Excerpts from a dataset:
'''

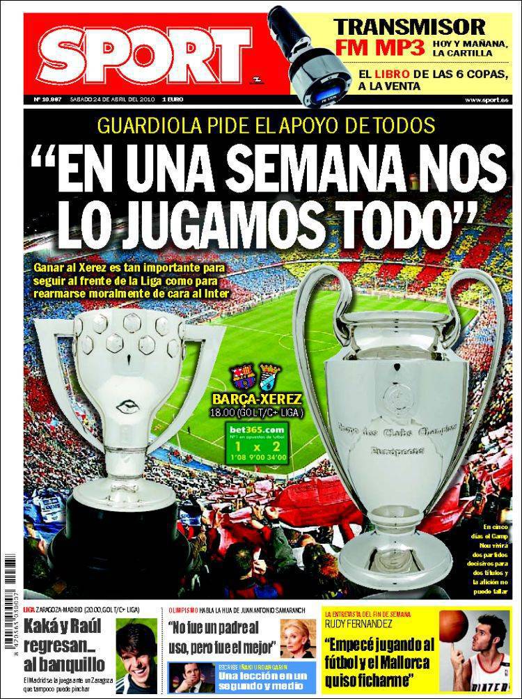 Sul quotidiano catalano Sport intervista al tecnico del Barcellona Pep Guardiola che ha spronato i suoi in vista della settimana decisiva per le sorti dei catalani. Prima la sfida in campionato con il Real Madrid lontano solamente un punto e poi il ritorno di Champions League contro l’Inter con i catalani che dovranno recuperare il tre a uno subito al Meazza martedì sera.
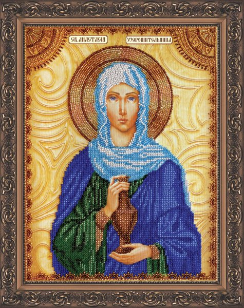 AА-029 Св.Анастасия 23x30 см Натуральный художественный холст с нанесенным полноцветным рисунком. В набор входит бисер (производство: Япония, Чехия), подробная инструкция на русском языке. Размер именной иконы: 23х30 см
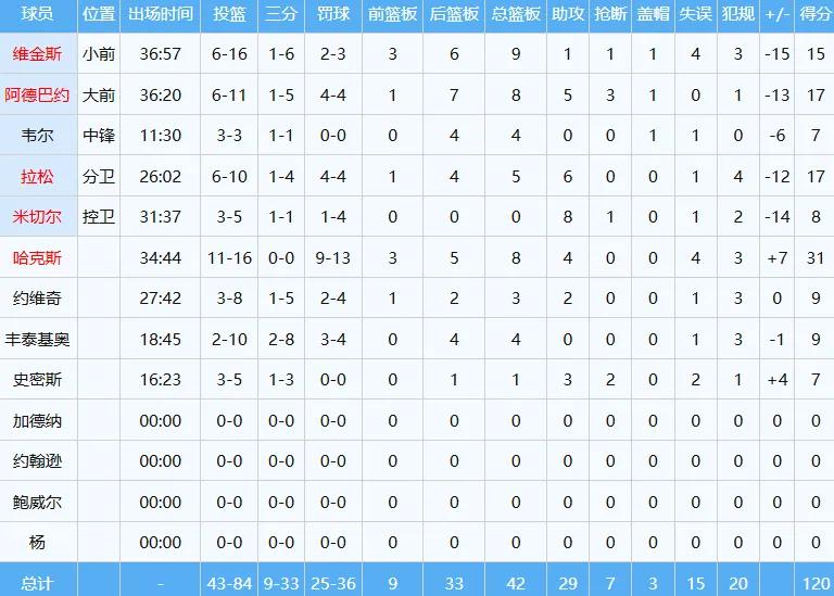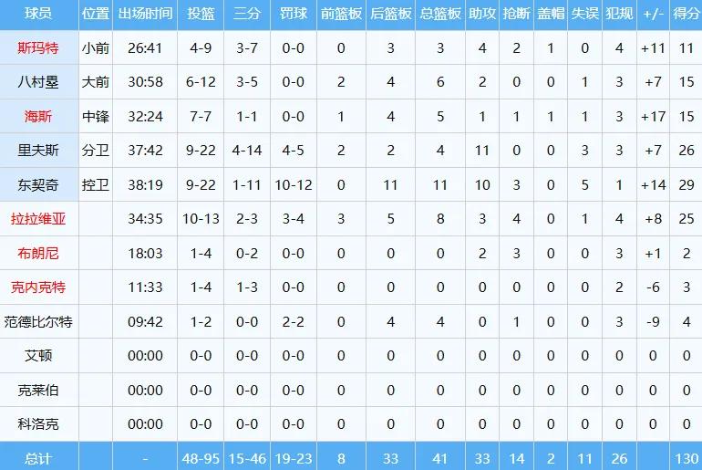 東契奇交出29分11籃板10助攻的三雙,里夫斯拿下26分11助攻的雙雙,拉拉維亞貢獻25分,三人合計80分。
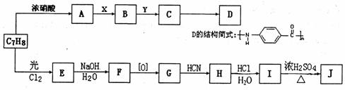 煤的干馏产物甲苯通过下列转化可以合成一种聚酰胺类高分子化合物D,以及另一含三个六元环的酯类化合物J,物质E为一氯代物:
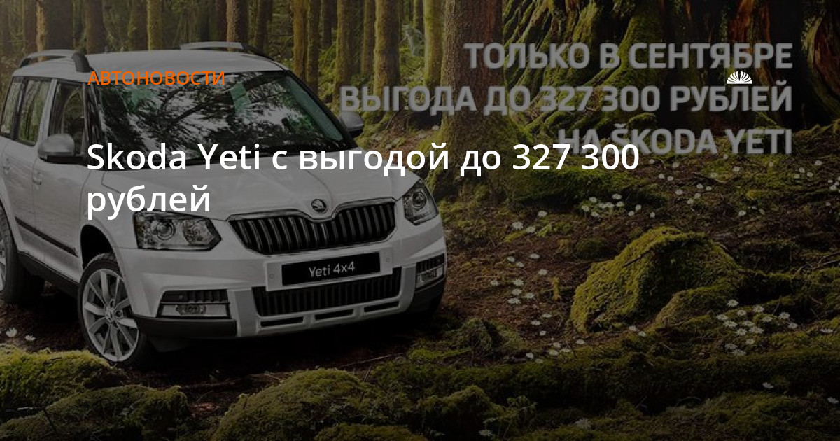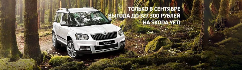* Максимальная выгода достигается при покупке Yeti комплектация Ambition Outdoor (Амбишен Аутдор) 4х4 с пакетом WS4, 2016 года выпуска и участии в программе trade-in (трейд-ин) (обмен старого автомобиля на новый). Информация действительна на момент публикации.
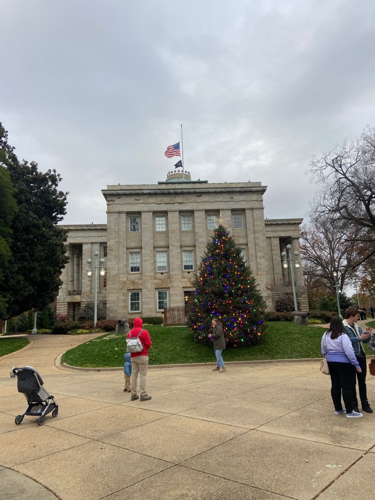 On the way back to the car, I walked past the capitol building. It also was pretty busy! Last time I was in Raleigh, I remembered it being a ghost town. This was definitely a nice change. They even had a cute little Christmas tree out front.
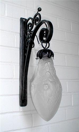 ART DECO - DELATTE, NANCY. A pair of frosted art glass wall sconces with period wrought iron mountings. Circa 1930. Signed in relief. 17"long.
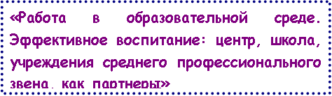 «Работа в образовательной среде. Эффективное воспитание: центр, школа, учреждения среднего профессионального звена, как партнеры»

'''

Work required: Aside from the pictures, copy all of the entries exactly.

Task output:
 Sul quotidiano catalano Sport intervista al tecnico del Barcellona Pep Guardiola che ha spronato i suoi in vista della settimana decisiva per le sorti dei catalani. Prima la sfida in campionato con il Real Madrid lontano solamente un punto e poi il ritorno di Champions League contro l’Inter con i catalani che dovranno recuperare il tre a uno subito al Meazza martedì sera.
 AА-029 Св.Анастасия 23x30 см Натуральный художественный холст с нанесенным полноцветным рисунком. В набор входит бисер (производство: Япония, Чехия), подробная инструкция на русском языке. Размер именной иконы: 23х30 см
 東契奇交出29分11籃板10助攻的三雙,里夫斯拿下26分11助攻的雙雙,拉拉維亞貢獻25分,三人合計80分。
 煤的干馏产物甲苯通过下列转化可以合成一种聚酰胺类高分子化合物D,以及另一含三个六元环的酯类化合物J,物质E为一氯代物:
* Максимальная выгода достигается при покупке Yeti комплектация Ambition Outdoor (Амбишен Аутдор) 4х4 с пакетом WS4, 2016 года выпуска и участии в программе trade-in (трейд-ин) (обмен старого автомобиля на новый). Информация действительна на момент публикации.
 On the way back to the car, I walked past the capitol building. It also was pretty busy! Last time I was in Raleigh, I remembered it being a ghost town. This was definitely a nice change. They even had a cute little Christmas tree out front.
 ART DECO - DELATTE, NANCY. A pair of frosted art glass wall sconces with period wrought iron mountings. Circa 1930. Signed in relief. 17"long.
 «Работа в образовательной среде. Эффективное воспитание: центр, школа, учреждения среднего профессионального звена, как партнеры»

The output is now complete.